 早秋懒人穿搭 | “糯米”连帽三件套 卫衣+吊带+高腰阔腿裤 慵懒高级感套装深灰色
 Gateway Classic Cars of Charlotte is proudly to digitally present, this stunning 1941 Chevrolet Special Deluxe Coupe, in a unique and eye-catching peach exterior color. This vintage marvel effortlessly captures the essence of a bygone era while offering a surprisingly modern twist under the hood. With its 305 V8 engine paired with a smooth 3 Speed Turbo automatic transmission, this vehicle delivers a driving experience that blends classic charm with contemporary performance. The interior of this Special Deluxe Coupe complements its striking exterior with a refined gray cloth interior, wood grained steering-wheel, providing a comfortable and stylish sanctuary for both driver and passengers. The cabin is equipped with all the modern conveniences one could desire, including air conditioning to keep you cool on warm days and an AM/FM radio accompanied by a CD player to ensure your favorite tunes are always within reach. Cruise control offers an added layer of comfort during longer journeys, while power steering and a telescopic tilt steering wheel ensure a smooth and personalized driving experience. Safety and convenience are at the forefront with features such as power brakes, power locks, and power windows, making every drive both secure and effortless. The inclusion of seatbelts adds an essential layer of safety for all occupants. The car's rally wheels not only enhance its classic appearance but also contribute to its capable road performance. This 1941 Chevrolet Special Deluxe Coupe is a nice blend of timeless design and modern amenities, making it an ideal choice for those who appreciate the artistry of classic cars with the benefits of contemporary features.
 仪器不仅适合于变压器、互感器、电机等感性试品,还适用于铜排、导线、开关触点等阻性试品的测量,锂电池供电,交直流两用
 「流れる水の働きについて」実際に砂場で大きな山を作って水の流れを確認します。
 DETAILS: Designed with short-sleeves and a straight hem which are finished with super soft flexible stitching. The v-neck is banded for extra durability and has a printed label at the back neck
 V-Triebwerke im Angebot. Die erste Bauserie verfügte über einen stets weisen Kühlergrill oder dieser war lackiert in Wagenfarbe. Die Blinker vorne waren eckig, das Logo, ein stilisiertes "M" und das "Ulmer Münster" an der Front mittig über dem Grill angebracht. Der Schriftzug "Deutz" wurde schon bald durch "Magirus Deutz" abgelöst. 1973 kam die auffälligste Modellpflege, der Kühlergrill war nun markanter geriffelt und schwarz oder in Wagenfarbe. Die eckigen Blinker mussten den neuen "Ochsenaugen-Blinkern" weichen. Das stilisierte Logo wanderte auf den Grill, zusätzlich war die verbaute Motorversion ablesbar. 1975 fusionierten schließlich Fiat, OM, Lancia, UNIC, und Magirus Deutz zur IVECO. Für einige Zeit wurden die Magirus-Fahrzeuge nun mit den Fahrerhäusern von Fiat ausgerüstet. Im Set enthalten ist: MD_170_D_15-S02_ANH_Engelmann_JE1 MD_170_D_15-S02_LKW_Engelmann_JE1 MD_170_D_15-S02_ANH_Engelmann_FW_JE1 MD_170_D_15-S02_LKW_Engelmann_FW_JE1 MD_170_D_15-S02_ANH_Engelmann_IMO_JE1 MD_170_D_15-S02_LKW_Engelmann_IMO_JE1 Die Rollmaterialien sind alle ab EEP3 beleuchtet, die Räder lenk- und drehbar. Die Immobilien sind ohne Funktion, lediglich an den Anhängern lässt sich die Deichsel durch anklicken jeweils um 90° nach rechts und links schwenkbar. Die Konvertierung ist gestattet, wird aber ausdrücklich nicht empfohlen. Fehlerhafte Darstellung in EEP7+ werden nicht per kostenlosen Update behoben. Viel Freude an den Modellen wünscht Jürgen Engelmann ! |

··········

ASSIGNMENT:
Filter the listing for the word "with" and copy every line that holds it.

ANSWER TO THE EXERCISE:
 Gateway Classic Cars of Charlotte is proudly to digitally present, this stunning 1941 Chevrolet Special Deluxe Coupe, in a unique and eye-catching peach exterior color. This vintage marvel effortlessly captures the essence of a bygone era while offering a surprisingly modern twist under the hood. With its 305 V8 engine paired with a smooth 3 Speed Turbo automatic transmission, this vehicle delivers a driving experience that blends classic charm with contemporary performance. The interior of this Special Deluxe Coupe complements its striking exterior with a refined gray cloth interior, wood grained steering-wheel, providing a comfortable and stylish sanctuary for both driver and passengers. The cabin is equipped with all the modern conveniences one could desire, including air conditioning to keep you cool on warm days and an AM/FM radio accompanied by a CD player to ensure your favorite tunes are always within reach. Cruise control offers an added layer of comfort during longer journeys, while power steering and a telescopic tilt steering wheel ensure a smooth and personalized driving experience. Safety and convenience are at the forefront with features such as power brakes, power locks, and power windows, making every drive both secure and effortless. The inclusion of seatbelts adds an essential layer of safety for all occupants. The car's rally wheels not only enhance its classic appearance but also contribute to its capable road performance. This 1941 Chevrolet Special Deluxe Coupe is a nice blend of timeless design and modern amenities, making it an ideal choice for those who appreciate the artistry of classic cars with the benefits of contemporary features.
 DETAILS: Designed with short-sleeves and a straight hem which are finished with super soft flexible stitching. The v-neck is banded for extra durability and has a printed label at the back neck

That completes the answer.